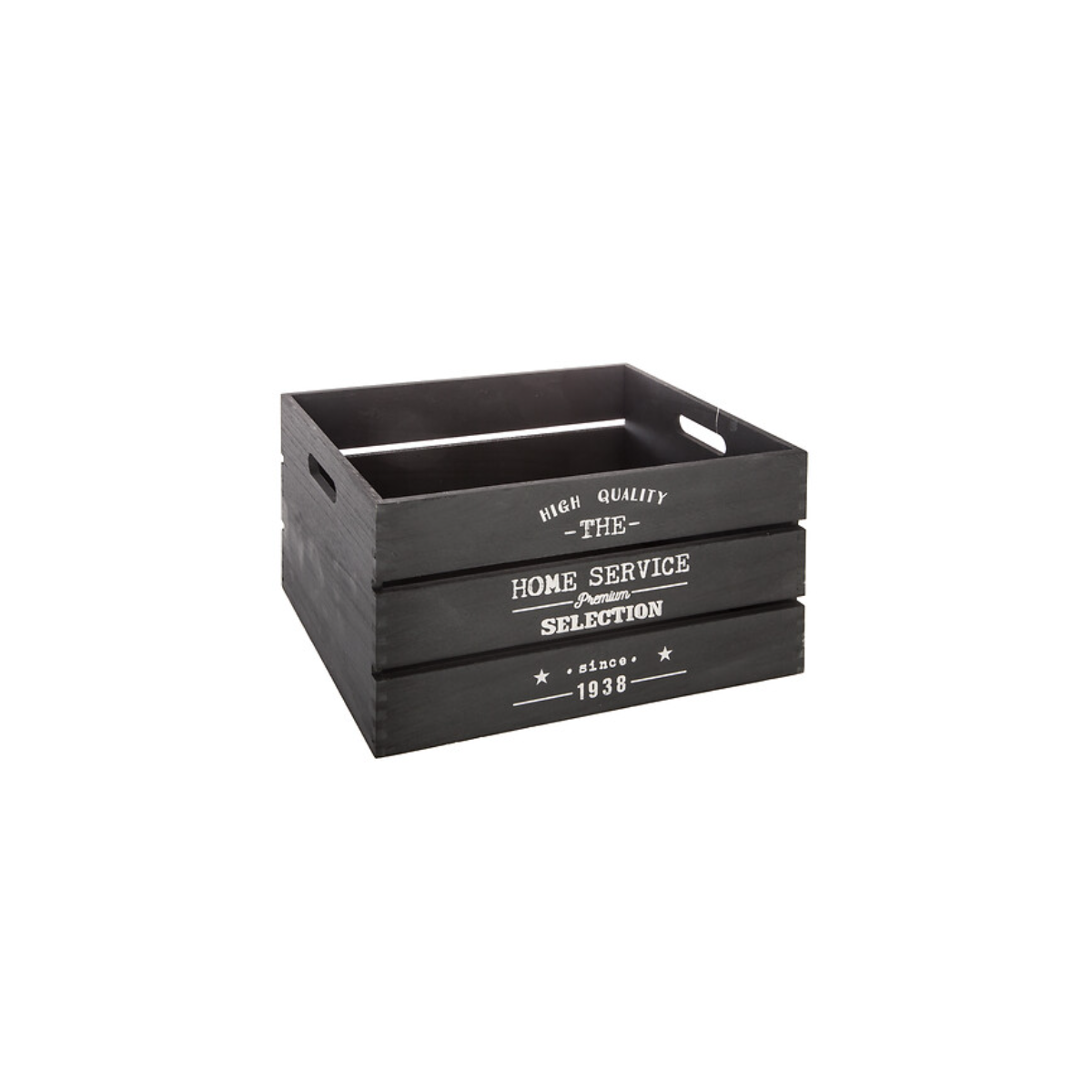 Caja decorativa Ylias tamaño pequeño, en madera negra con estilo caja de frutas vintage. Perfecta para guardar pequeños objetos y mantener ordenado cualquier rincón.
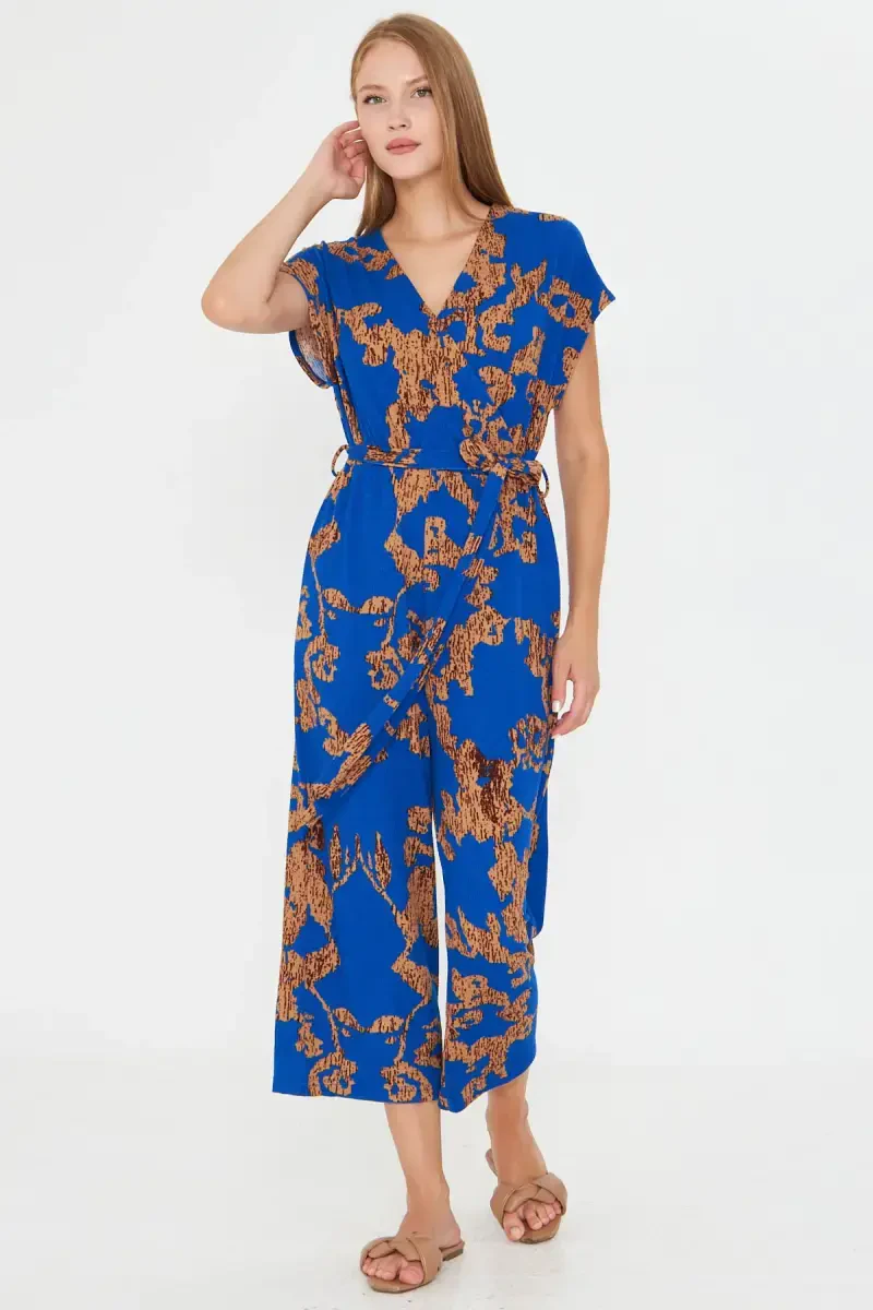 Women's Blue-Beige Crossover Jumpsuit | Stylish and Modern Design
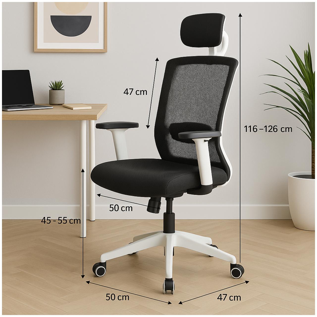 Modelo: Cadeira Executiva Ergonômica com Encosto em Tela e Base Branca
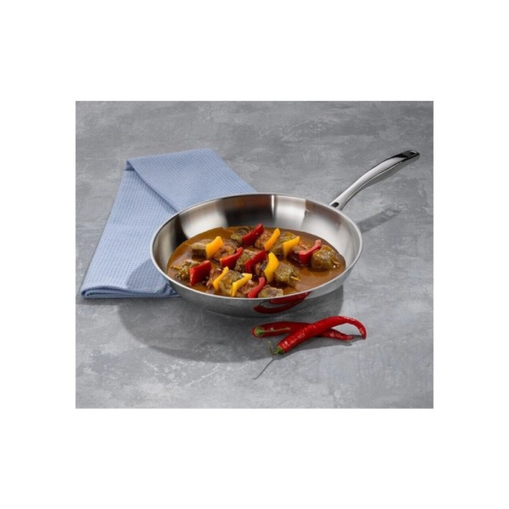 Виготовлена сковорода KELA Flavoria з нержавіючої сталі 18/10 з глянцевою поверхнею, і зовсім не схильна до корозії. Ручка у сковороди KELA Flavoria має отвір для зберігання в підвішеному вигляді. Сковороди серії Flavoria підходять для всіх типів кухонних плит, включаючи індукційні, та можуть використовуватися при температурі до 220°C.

----------

# TASK TO COMPLETE
Starting at the line that contains "Women's Blue-Beige Crossover", restate each line verbatim through the final line of the listing, skipping all pictures.

# ANSWER
 Women's Blue-Beige Crossover Jumpsuit | Stylish and Modern Design
 Modelo: Cadeira Executiva Ergonômica com Encosto em Tela e Base Branca
 Виготовлена сковорода KELA Flavoria з нержавіючої сталі 18/10 з глянцевою поверхнею, і зовсім не схильна до корозії. Ручка у сковороди KELA Flavoria має отвір для зберігання в підвішеному вигляді. Сковороди серії Flavoria підходять для всіх типів кухонних плит, включаючи індукційні, та можуть використовуватися при температурі до 220°C.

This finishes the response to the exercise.